Effects were adjusted for child’s age at follow-up, sex, moderate-to-vigorous physical activity at follow-up (min/d), screen time at follow-up (h/d), in utero exposure to gestational diabetes, maternal hypertension and tobacco use, and whether the child was ever breastfed.

Abbreviations: M1, mediator 1; M2, mediator 2.

a

β-Coefficients represent the percentage of increase or decrease in the outcome for a 1-unit increase in the corresponding independent variable via the specified mediator for indirect effects or independent of weight at other time points for direct effects.

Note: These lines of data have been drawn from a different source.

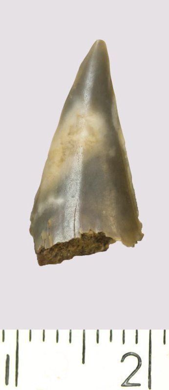 Зуб (фрагмент). Акула. Scapanorhynchus gigas Woodward, 1889. Классификация: Хордовые Chordata, Позвоночные Vertebrata, Хрящевые рыбы Chondrichthyes, Пластиножаберные Elasmobranchii
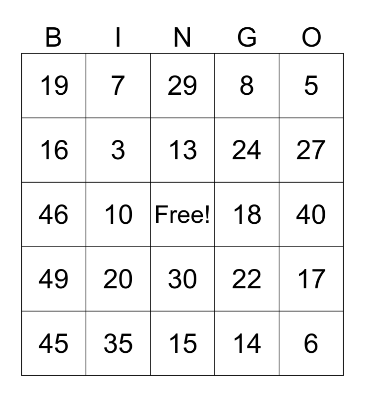 This bingo card has a free space and 50 words: 1, 6, 11, 15, 20, 2, 7, 12, 16, 21, 3, 8, 17, 22, 4, 9, 13, 18, 23, 5, 10, 14, 19, 24, 25, 26, 27, 28, 29, 30, 31, 32, 33, 34, 35, 36, 37, 38, 39, 40, 41, 42, 43, 44, 45, 46, 47, 48, 49 and 50.
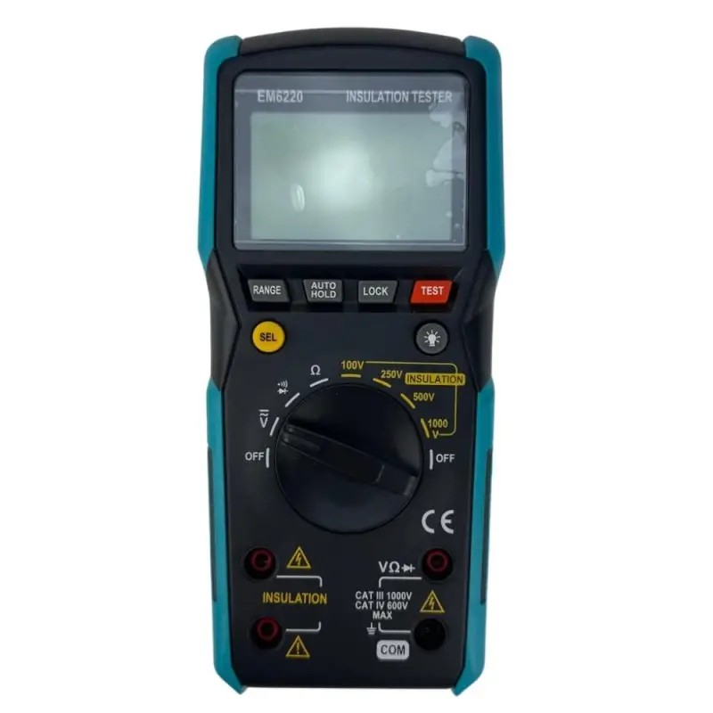 Dispozitivul poate măsura tensiuni AC și DC, rezistență, continuitate, diode și, în principal, rezistența de izolație, având posibilitatea de a selecta tensiuni de test la 100V, 250V, 500V și 1000V.
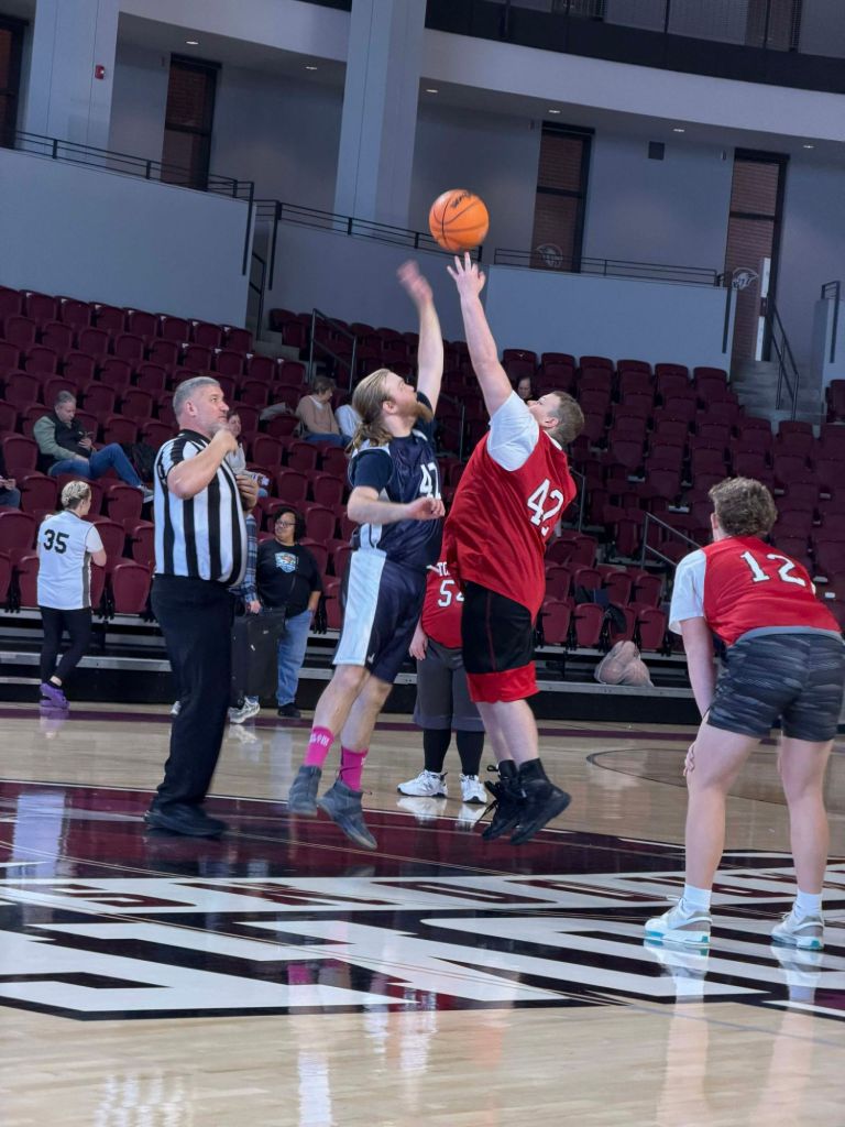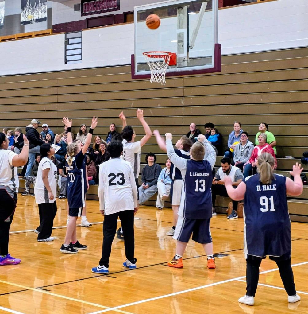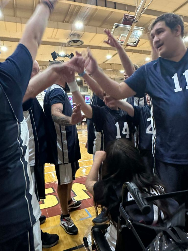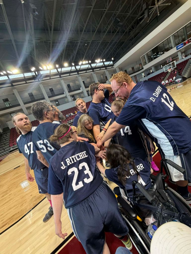 Sun Feb 8, as invited guests at the Area 8 Special Olympics Basketball Tournament at Roanoke College, Carroll County Special Olympics took 3 teams and played 6 games against opponents from Roanoke (Area 8), New River Valley (Area 9), and Marion (Area 10). The CCSO HotShots lost one (12-16) and won one (31-14, a scrimmage with teammates because the other team was a scratch), the CCSO SureShots lost two by slim margins (14-18 and 22-26) and the CCSO Cavaliers won two (17-14 and 36-24). Coach Vickey Ritchie reported that a large entourage of family members and caregivers accompanied the group and pitched in to help at every opportunity. βIβm fond of saying that we simply could not do all we do without all the helpers, and that was certainly true on Sundayβ said Coach Ritchie, βWe truly are ONE TEAM.β
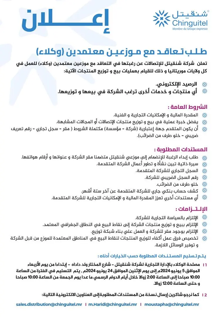 أعلنت شركة شنقيتل للاتصالات في موريتانيا رغبتها في التعاقد مع موزعين معتمدين في كل ولايات البلاد، من أجل بيع وتوزيع المنتجات التالية.
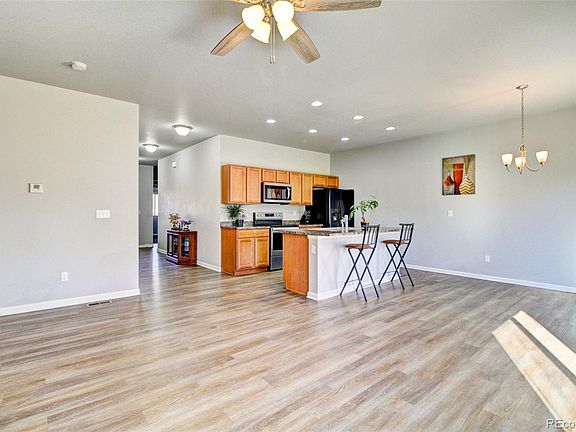 Come see this beautifully finished home in the desirable Autumn Valley Ranch community! This move-in-ready residence features an open, light-filled interior with brand vinyl flooring throughout. Two spacious and sunny bedrooms with recently installed carpet at the front of the home offer wonderful privacy and are separated by a full-size bathroom. Access to the attached two-car garage and the laundry room is just off the kitchen. The kitchen has granite countertops, high-end appliances, modern wood cabinetry, and a kitchen island with seating. The dining room off the kitchen features access to the patio through sliding glass doors for indoor-outdoor living! The living room spills seamlessly into the kitchen and dining areas ensuring this floor plan is perfect for entertaining. The primary bedroom suite is on the other wing of the house with an upgraded vanity, shower and a spacious walk-in closet. Outside, enjoy your the fully-fenced backyard and newly installed dog run. The location can’t get any better as you’re close to shopping, dining, parks, and more! Hop onto I-25 for an easy commute to Denver, Boulder or Fort Collins. ***This home qualifies for $0 down USDA loan***
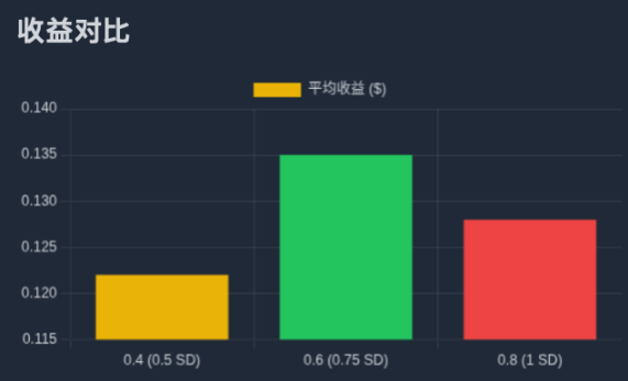 C. 寻找最优解 通过对不同价差进行迭代计算,可以发现:价差 $0.2 预期收益约 $0.08;价差 $0.4 预期收益约 $0.122;价差 $0.6 预期收益约 $0.135;价差 $0.8 预期收益约 $0.128。结论是在此模型下,最优价差为 $0.6,即在距离均价 $0.3 ( 约 0.75σ) 的位置挂单,能实现期望收益的最大化。
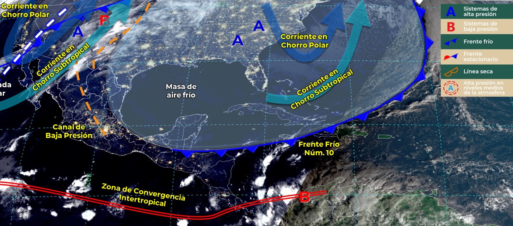 Al final del día, un nuevo frente frío se aproximará al norte de México, generando nuevo descenso de temperatura sobre dicha región.
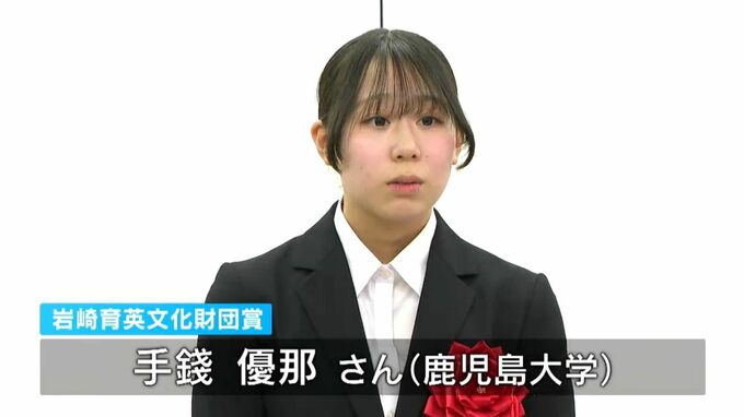 スポーツや文化活動などで活躍した高校生や大学生を表彰する「岩崎育英文化財団賞」の授賞式が、鹿児島市でありました
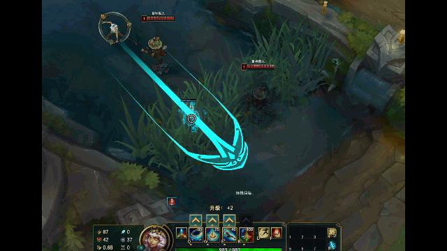 e技能相对简单,小竹便将它和大招r技能放在一起将。e没有特殊的地方,它是一个纯粹的定向位移技能,且有伤害。如图:
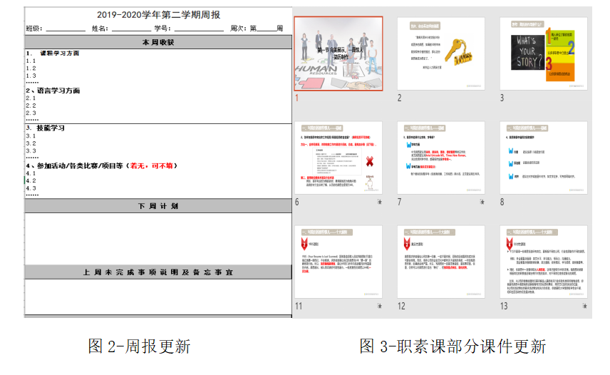 秉承着“以学生的发展”为理念,团队强化职业管理相关内容,新增外语学习及技能学习模块,重视学生的习惯养成与技能提升。此外,为了还原课堂生态,职素课资源开发小组重新调整课程体系,摒弃空洞内容,淘汰掉老旧内容,完成了部分课件及案例的更新。

A sensitivity analysis, using multiple imputations to account for missing data, resulted in similar findings (Tables 2 and 3). Further adjustment for the effects of the mother’s and/or father’s BMI measured when the children were aged 8 to 10 years did not change our findings (Supplemental Tables 3 and 4).

Discussion

The results of our study have clarified the mechanisms linking birth weight, rate of weight gain from birth to 2 years, adiposity during childhood, and risk factors for T2D in early adolescence among children who were born at term and have a family history of obesity. We found evidence of both a positive direct effect and a negative indirect effect via childhood adiposity of birth zWFL on insulin sensitivity in early adolescence. Although the rate of weight gain adjusted for the growth in length from birth to 2 years was not directly associated with insulin sensitivity, a faster rate of zWFL gain in the first 2 years of life was positively associated with adiposity at age 8 to 10 years, which, in turn, resulted in lower insulin sensitivity 2 years later. The same findings were reached when the analyses were restricted to children who were born with a healthy birth weight (AGA). Thus, among children who were born at term and who had a family history of obesity, a high birth weight was beneficial to insulin sensitivity in early adolescence. However, this was true only if the children remained within their growth percentiles and did not gain excessive weight from birth to 2 years or during childhood.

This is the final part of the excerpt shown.